Светлана даже как бы обиделась и принялась популярно объяснять, какая разница между цветком василька и цикория. И тут, как спасительную соломинку, я увидела крошечный, запоздавший глазок василька. Сорвала его, протянула спутнице. Она удовлетворенно кивнула.
— А что же дальше? — напомнила я об учении.
— Дальше просто. Диплом защитила. С отличием. Мне предлагали остаться в Ворже. Там селекционная станция рядом с Ростовом. Говорили: «Будете заниматься научной работой». А разве на полях заниматься нельзя? Там всего двадцать пять гектаров, десять рабочих. Неинтересно. Тут сто пятьдесят гектаров и производственные условия. Широкое поле для наблюдений.
— А кто же звал туда?
— Вячеслав Александрович Вильчек. Он у нас тут единственный по цикорию ученый-специалист. Работал на станции, а вот теперь назначен в сельхозуправление. Все сельское хозяйство в районе у нас возглавляет. Но все равно с цикорием связан.

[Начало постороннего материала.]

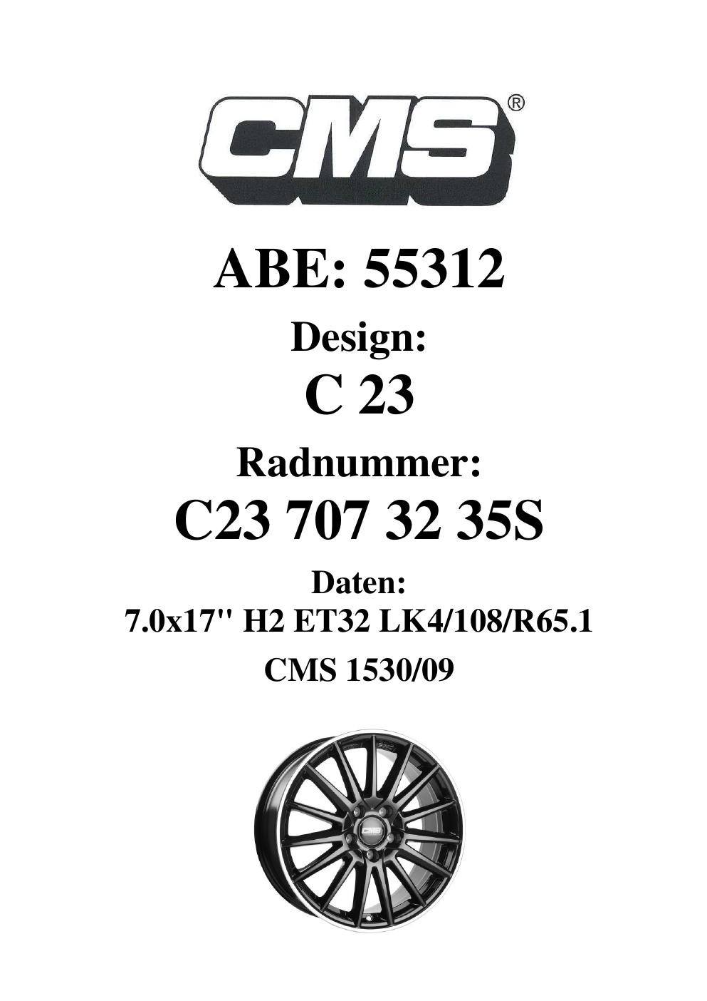 Dieses Gutachten (ABE) bezieht sich auf die Alufelge CMS C23 in der Ausführung 7Jx17 ET 0, Mittenloch 0 mm (KBA 55312). Im PDF findest du typischerweise zulässige Reifengrößen, Auflagen/Anbauhinweise und – je nach Dokument – Hinweise zur Eintragung.
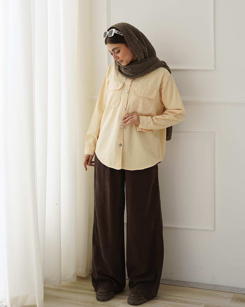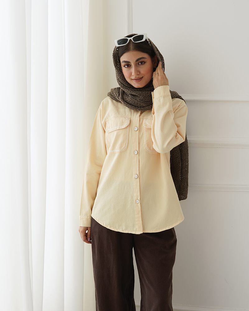 - توضیحات محصول: جنس شومیز کتان می باشد. شومیز یقه مردانه ،آستین بلند و دارای دو جیب کاربردی می باشد. دکمه های این محصول در قسمت سر آستین و جلو کاربردی می باشد. این محصول بسیار با کیفیت و راحت مناسب استفاده روزمره است.
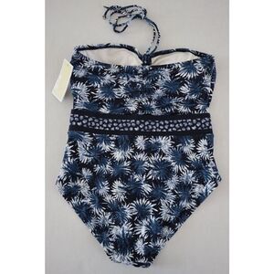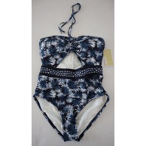 Michael Kors MM8J591 Size 8 Navy Palm Print Bandeau Cutout 1-Piece Swimsuit
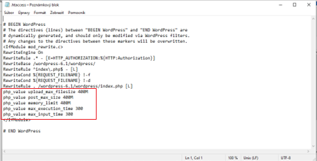 V tomto môžete definovať maximálnu veľkosť nahrávaného súboru. Nahraďte čísla podľa vašich preferencií. Položka max execution a max input sú v sekundách. Execution time definuje limit času, ktorý je využitý na samotný script. Kľudne si vyberte čísla, ktoré Vám vyhovujú. Ja som potrebovala veľkosť na 400 MB, ako môžete vidieť v Obrázku 1.
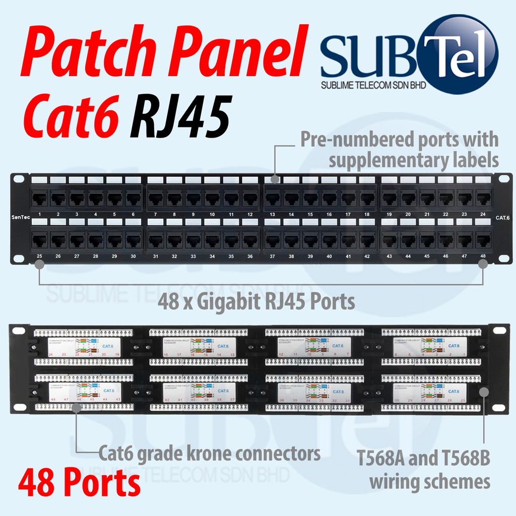 48-Port Cat6 RJ45 19" 2U Rack Mount Patch Panel Rackmount 19inch UTP 48 Port Cat5 Network Ethernet
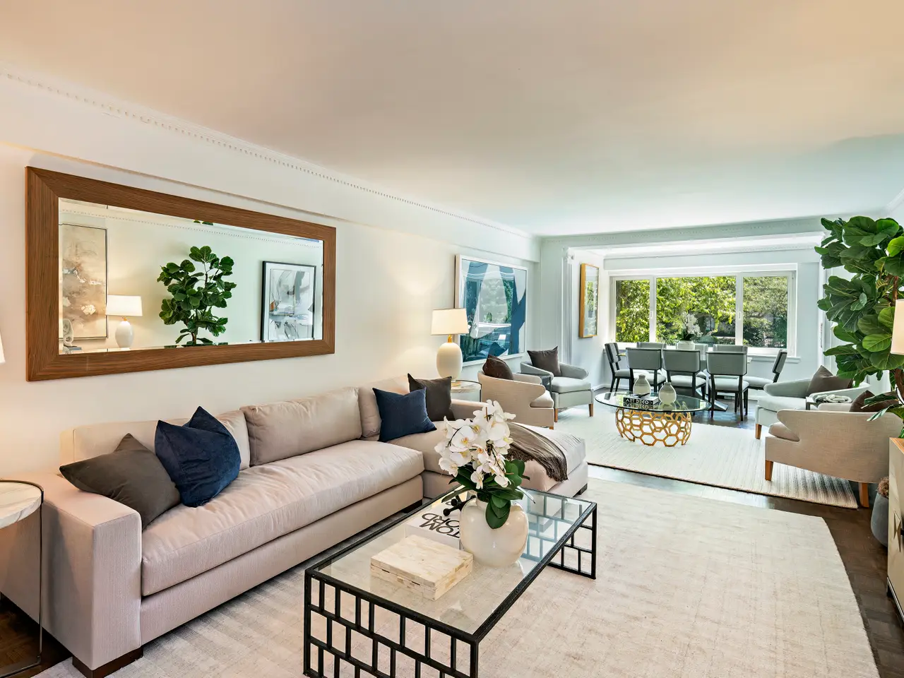 Overlooking the greenery of Gracie Mansion, Apartment 2D is a sunny, spacious two bedroom home with both east and west facing windows. The apartment has just been painted and the public area floors redone. New flooring has been installed in the entrance gallery, kitchen and breakfast room; the beautiful parquet living room floor has been refinished. The current configuration has the two bedrooms and their shared bath off a private hallway. The living/dining/kitchen/breakfast room/powder room and entrance gallery flow in a way that is perfect for entertaining or everyday living. Upon entering Apartment 2D, there is a wall of three large closets to the left and a powder room to the right. Just beyond the gracious entrance gallery with its new flooring, there is a dining room/breakfast room which can also function as a home office-or both. There is a large walk-in pantry here with plenty of space for utilities or storage of any kind as well. Just beyond, the windowed kitchen faces west and overlooks the new architecturally landscaped garden. The nearly 31-foot dramatic living room serenely overlooks the trees on East End Avenue and the gardens of Gracie Mansion. There is plenty of space for several seating areas and a large dining table. Opposite and just beyond the living room, off a private hallway, are the two additional very well-proportioned bedrooms with large west-facing single pane tilt and turn windows. They share a center hall bathroom. The primary bedroom has extraordinary storage space with two large walk-in closets and three regular closets. There is a laundry room adjacent to the apartment and there is an additional laundry room in the basement. Additional amenities include the heated rooftop swimming pool, fitness center, bike room, attended garage with preferable rates for residents, the new garden with outdoor seating, playroom and library lounge with a pool table. A storage bin transfers with the apartment. There is central air conditioning and the apartment pays $241/month for electric. Pets are welcome. The highly coveted Gracie Towers is ideally located on the corner of East End Avenue and 88th street providing easy access to the East River Promenade. This is a well-designed building with a beautiful lobby. It is fully serviced with a 24-hour doorman, concierge, and live-in resident manager. Gracie Towers is nearby several grocery stores such as Heavenly Market, CTown Supermarket, Morton Williams and D'Agostino. There are endless options to grab coffee or a bite to eat; for example, there is Arturo, Felice 83, Penrose, Eat Pretty, Starbucks, and The Mansion.
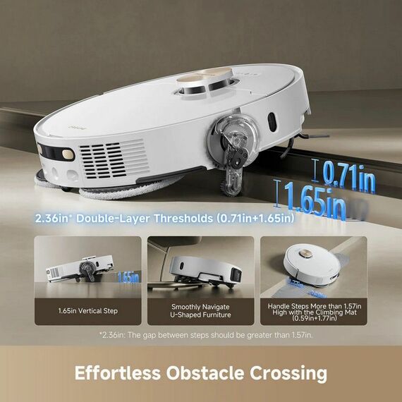 | Комплект поставки | Робот-пылесос, базовая станция, боковая щетка, основная щетка, пластина для увеличения рампы базовой станции, салфетка для швабры - 2 шт (предварительно установленная), документация, держатель салфеток для швабры - 2 шт, мешок для мусора - 2 шт (предварительно установленный — 1 шт), ингибитор образования накипи, фильтр-пылесборник, чистящее средство |
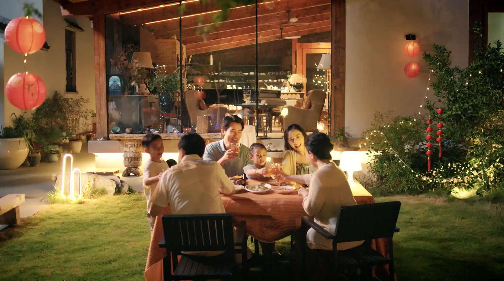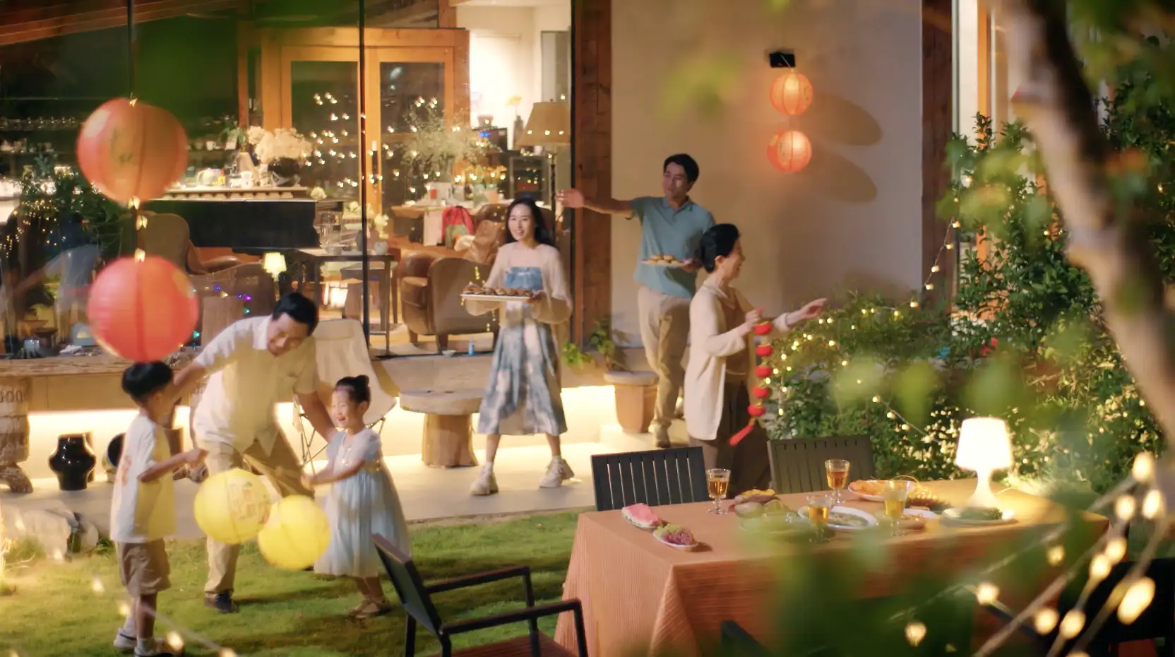 4k中秋团圆一家人祖孙三代赏月月饼大闸蟹
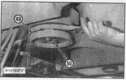 43. Measure the distance between plate (49) and the frame with a feeler gauge at each bolt hole. Remove bolts (50) and plate (49).

Это — одна из перспективных культур. Экспортная. С тридцатью странами торговлю ведем.
— Значит, вы отказались от Воржи?
— Конечно. Мне там неинтересно. Больше практическое дело люблю.
Мы перебрались через ров, прорытый мелиораторами. Рядом еще стоял экскаватор с большим ковшом. И Светлана сказала, что он пойдет на другой участок, который будут осушать под цикорий.
— Здесь почва самая подходящая для этой культуры. Легкая супесь, рассыпчатая. Он, цикорий, суглинок не любит. Корень должен дышать, а суглинок затягивает после дождя. Вот и поле.
Мы остановились у кромки обширной равнины, на сероватой его поверхности лежали кучи корнеплодов, валялись привядшие листья и кое-где из земли торчали щеточки толстых стеблей — там еще оставался не убранный корнеплод.
— Приходится все почти делать вручную. У нас еще нет подходящих машин. Для посадки приспособили свекловичную сеялку. Семена у цикория... — Она поискала, на чем показать. Вокруг ничего подходящего не оказалось. — В общем, побольше маковых и поменьше яблочных плоских зерен. Вон там еще не убрали. — Она показала на желтый березовый лесочек, с востока ограничивающий цикорное поле,
— Какие ровные гряды, словно кто расчесывал поле. — Как это вам удается?
— Это-то не сложно. Есть машина, ее так и называют: грядоделатель. Хуже с уборкой. Вот все эти стебли приходится обрезать вручную.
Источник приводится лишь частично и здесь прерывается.